Мариулу привели в один из мазанковых домиков, позади Летнего сада, принадлежащих к службам герцогским. При входе сдёрнули с неё шубу. Василия остановили у наружного крыльца: здесь он решился дожидаться своей куконы, хоть бы замёрзнуть. Через огромную нечистую переднюю, где стояли дрова, скамейка в инвалидном состоянии и непокрытое ведро с водой, ввели Мариулу в другую большую комнату другого содержания, но не менее мрачную. Продолговатый стол занимал средину этой комнаты по наклону пола, столь эластического, что, ступив на один конец доски, можно было заставить прыгать всё на ней стоявшее. Окна, запушённые на вершок морозом, пропускали в это домовище синеватый цвет.

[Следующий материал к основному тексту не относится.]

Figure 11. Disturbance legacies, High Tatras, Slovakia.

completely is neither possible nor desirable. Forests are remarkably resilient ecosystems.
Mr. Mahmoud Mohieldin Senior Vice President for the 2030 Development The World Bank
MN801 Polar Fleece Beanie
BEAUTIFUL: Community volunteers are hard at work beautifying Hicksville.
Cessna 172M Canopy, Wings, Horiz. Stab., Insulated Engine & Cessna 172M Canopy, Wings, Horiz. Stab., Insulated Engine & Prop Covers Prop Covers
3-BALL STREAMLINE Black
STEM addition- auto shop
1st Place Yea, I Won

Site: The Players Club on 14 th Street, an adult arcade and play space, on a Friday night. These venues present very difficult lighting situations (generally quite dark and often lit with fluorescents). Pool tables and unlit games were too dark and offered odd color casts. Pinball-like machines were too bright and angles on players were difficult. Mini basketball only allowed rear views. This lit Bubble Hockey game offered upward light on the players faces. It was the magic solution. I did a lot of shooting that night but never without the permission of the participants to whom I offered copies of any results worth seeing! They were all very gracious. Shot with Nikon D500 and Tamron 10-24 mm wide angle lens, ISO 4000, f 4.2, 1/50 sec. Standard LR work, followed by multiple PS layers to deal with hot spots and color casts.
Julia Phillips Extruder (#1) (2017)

Кое-где по потолку свисла паутина, будто крылья летучих мышей. Вдоль чёрных стен лежали кипы бумаг, которых годы существования мог бы исчислить разве архивный Кювье по слоям пыли, их покрывавшим. Одно, что с первого взгляда утешало в этой комнате, – так это зерцало, стоявшее на вощанке, посреди стола; но и этот памятник великой идеи великого царя-законодателя оскорбляли и смелый паук, завесивший его по местам своею тканью, и бесчеловечие, поместившее разные орудия пытки в боковой комнате, в которую дверь оставлена была, как бы с умыслом, полузакрытою. Это была полицейская канцелярия при доме герцога.

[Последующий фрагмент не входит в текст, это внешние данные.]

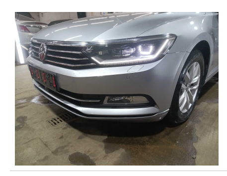
3. FRONT: Front grill - condition
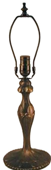
Nouveau 279 mm Code: LB9006
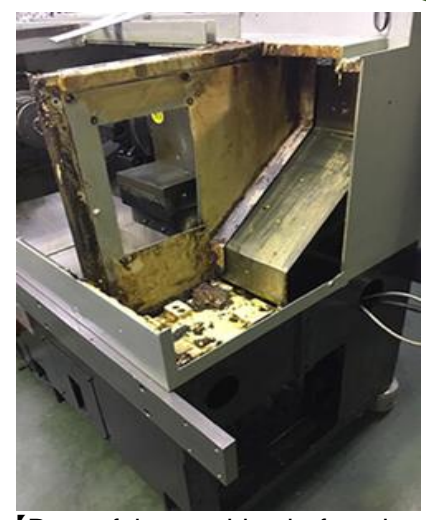
[Rear of the machine before the addition of the tailstock.]

[ Key points of the exchange operation: Electrical and plumbing work included and performed]
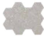
4 Inch Hex Mesh
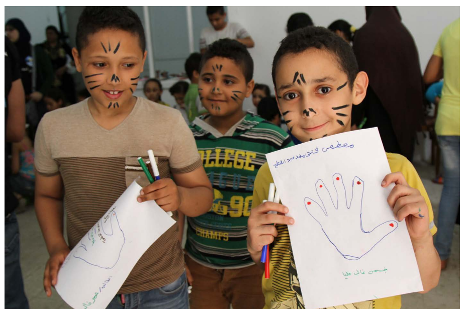
Photo: Giza, Egypt (2015): Art therapy, music and drama can be powerful weapons against sexual abuse and harassment. That's how volunteers with UN Women's Safe Cities initiative teach children and community members important lessons about the value of their bodies and how to prevent sexual violence.

In Morocco, the Marrakech Safe City Programme began implementation in 2014. Informed by evidence gathered in the first-ever study conducted on sexual harassment and other forms of violence against women in public spaces in Gueliz District, community-based approaches were used to mobilize women and girls and men and boys to promote women's rights to access and use public spaces free from violence and fear of violence. A new partnership established in 2015 with the Autobuses Luarca, S.A. (ALSA) bus company led to the training of over 500 bus drivers on the issue of sexual harassment against women and girls in and around bus stops and on buses and ways to address it. It also included the production and broadcasting in buses of three awareness-raising videos on sexual harassment against women and girls reaching 200,000 transit users daily. In the Rabat Safe City Programme, launched in 2015, transformative initiatives have been developed and integrated into media messaging. This includes strengthened partnerships between UN Women and NGOs
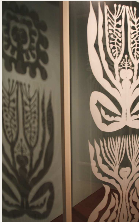
Paper-cut on glass & framed panels
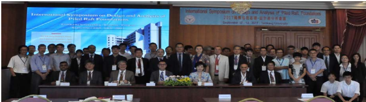
Group photo of the 2017 Int. Symposium on Design and Analysis of Piled Raft Foundations
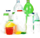
#1 & #2 Plastics
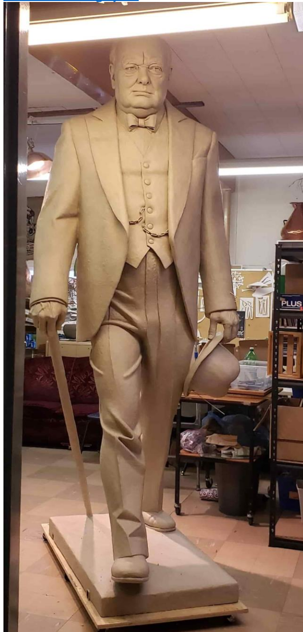
Another view of the statue, Edmonton, November 2021

To keep up to date on this, please refer to the Churchill Leadership Initiative and Statue Project page at www.churchillcalgary.ca .
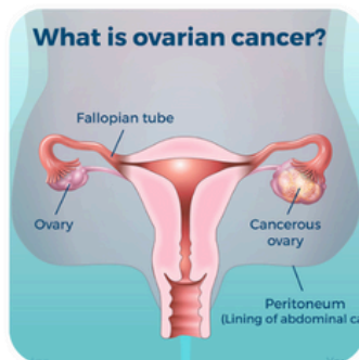
Animated Patient Guide - You and Ovarian Cancer
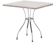
ATLAS - 9404 W70/80 L70/80 H73
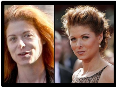
Figure 1. Example stimuli used in this study. On the left is the “unattractive” photograph of Debra Messing that participants saw, and on the right is the “attractive” photograph of the same celebrity.

last (two attractive faces followed by an unattractive face in sequence).
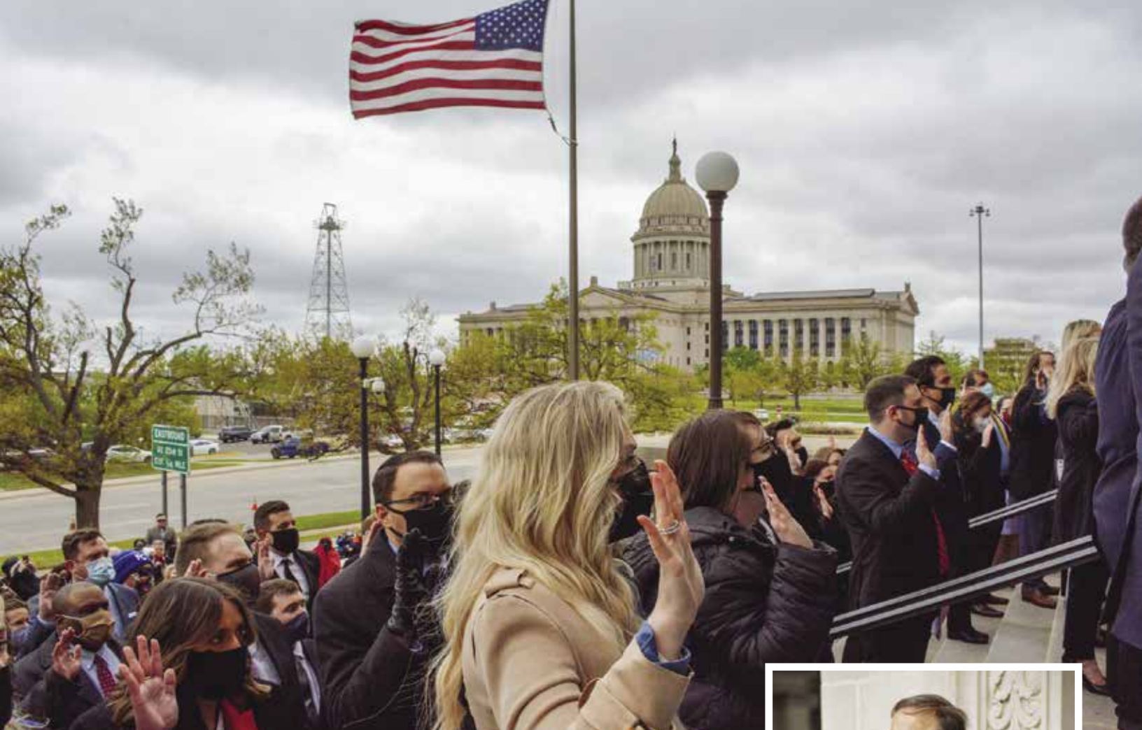
Candidates raise their right hands as they take the Oath of Attorney on the steps of the Oklahoma Judicial Center.
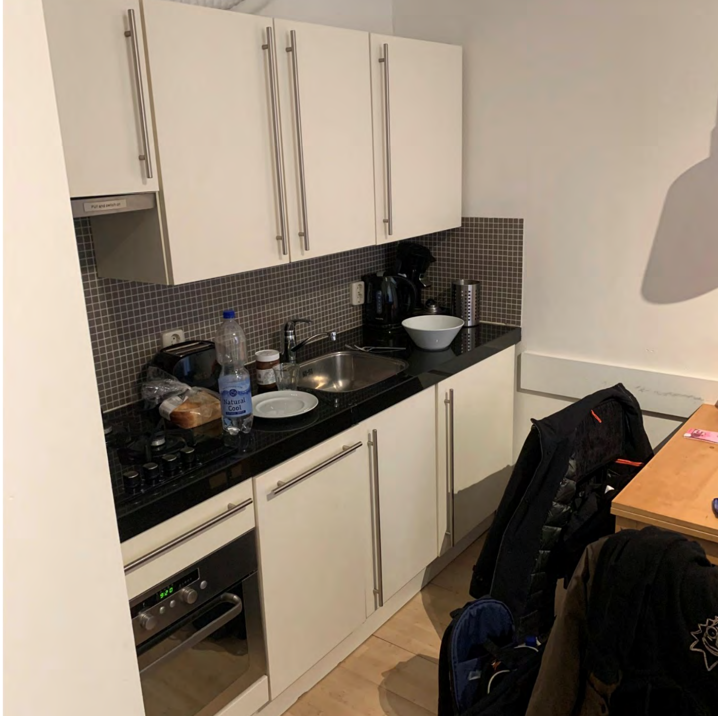
Keukenblok in de woonkamer
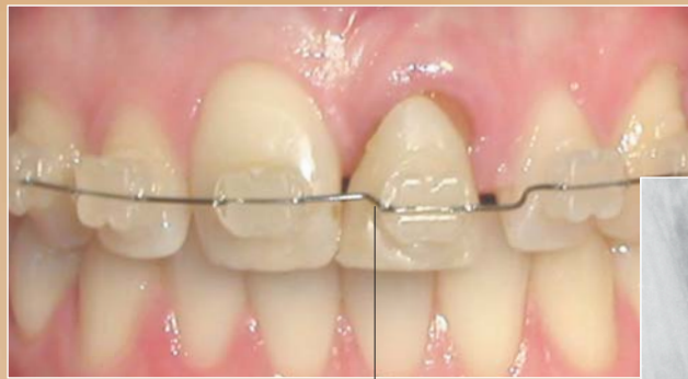
Provisional restoration on tooth #9 and orthodontic extrusion
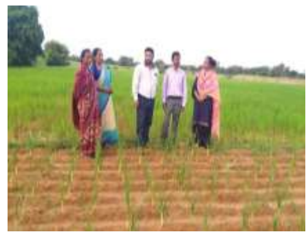
MSF top Mngt Visit
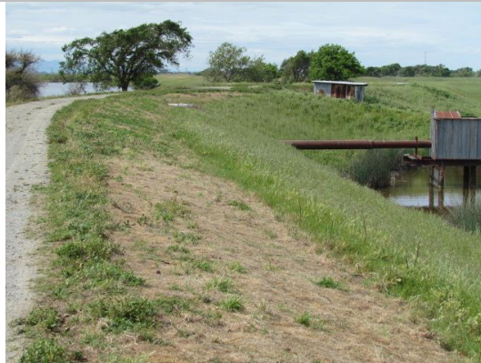
RD 2098 Looking downstream from levee mile 7.19-7.31
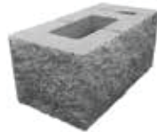
Hard-Split Corner 8 x 18 x 9

Смотря на эти предметы, цыганка ожидала ужасного допроса. Вид особ, представившихся её глазам, не более был утешителен. У стола на судейском месте сидел худощавый старик отвратительной наружности: рыжие космы падали беспорядочно на плечи, голова его, вытянутая, иссохшая, имела форму лошадиной, обтянутой человеческой кожей, с глазами гиены, с ушами и ртом орангутана, расположенными так близко одни от другого, что, когда сильно двигались челюсти, шевелились дружно и огромные уши и ёжились рыжие волосы. Глаза его то, останавливаясь неподвижно, принимали мёртвый цвет свинца, то сверкали ужасно, как пытливый зонд, или схватывали без пощады слабую душу и держали её над бездной. Он был одет весь в красно-коричневое, даже до шёлковых чулок; богатые кружевные манжеты, закрывая кисть его руки, возбуждали подозрения, что под ними скрываются ногти нечистого. Подле него, сбоку стола, сидел молодой человек лет двадцати пяти, белокурый, тщедушный. В лице его, казалось, не было ни кровинки: мутные, безжизненные глаза выражали сонливую или болезненную природу. Впрочем, в поступках и словах его можно было заметить какую-то изученную таинственность: он весь похож был на недоговорённый смысл, означенный несколькими точками. Он держал нехотя перо в руках и смотрел более на бумагу перед собой, нежели на живые предметы, его окружавшие. Первый был достойный клеврет Бирона, обер-гофкомиссар Липман, второй – домашний секретарь их обоих и племянник последнего, Эйхлер, которого он воспитывал как сына и любил – для себя. Едва умея подписывать своё имя, Липман употреблял это живое орудие по всем бумажным делам своим. Бездетный, не имея кому передать, кроме него, свои богатства и свою знать, он хотел не умереть на земле хотя в нём. И потому доставил ему завидный пост, приближавший его к герцогу; место кабинет-секретаря было у племянничка на мази.